Here’s who could replace Boris Johnson as UK Prime Minister


Boris Johnson was due to resign as Britain’s prime minister on Thursday, ending a turbulent two-and-a-half years in office and sparking a search for a new leader.

Below is a rundown of some of the ones that could be in the box to replace it. However, there is no clear favorite and they are not listed in order of likely prospects.


The foreign secretary is the favorite among the rank and file of the ruling Conservative Party and has regularly topped polls of party members conducted by the Conservative Home website.

Truss has a carefully cultivated public image and was photographed in a tank last year, echoing a famous 1986 photo of Britain’s first female prime minister, Margaret Thatcher.

Johnson, 46, spent the first two years of Johnson’s presidency as international trade secretary, championing Brexit, and last year was appointed as Britain’s chief negotiator with the European Union.

Truss said Monday that Johnson had his “100% support” and urged his colleagues to support him.


The 55-year-old former foreign secretary finished second to Johnson in the 2019 leadership contest.

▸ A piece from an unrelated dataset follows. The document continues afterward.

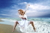 młode piękne kobiety w biały, wypoczynek w słonecznej pustyni
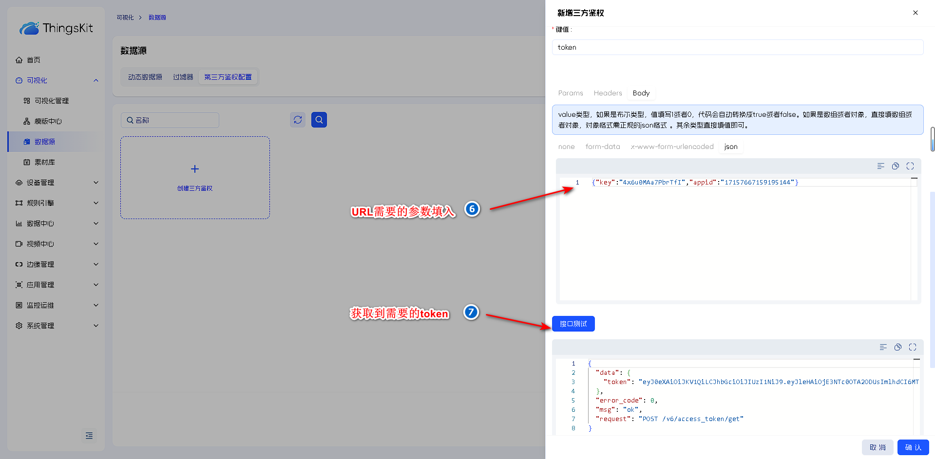 动态数据源请求其它功能接口,需要第三方鉴权的token进行授权才行,如下图。

He would offer a more serious and less controversial leadership style after the turmoil of Johnson’s premiership.

Over the past two years, Hunt has used his experience as a former health secretary to chair parliament’s health select committee and has not been tarnished by having served in the current government.

Earlier this year, he said his ambition to become prime minister “hasn’t completely faded.” Hunt said he voted to oust Johnson in a confidence vote last month that the prime minister narrowly won.


Defense Minister Ben Wallace, 52, has in recent months become the most popular member of the government among Conservative Party members, according to Conservative Home, thanks to his handling of the Ukraine crisis.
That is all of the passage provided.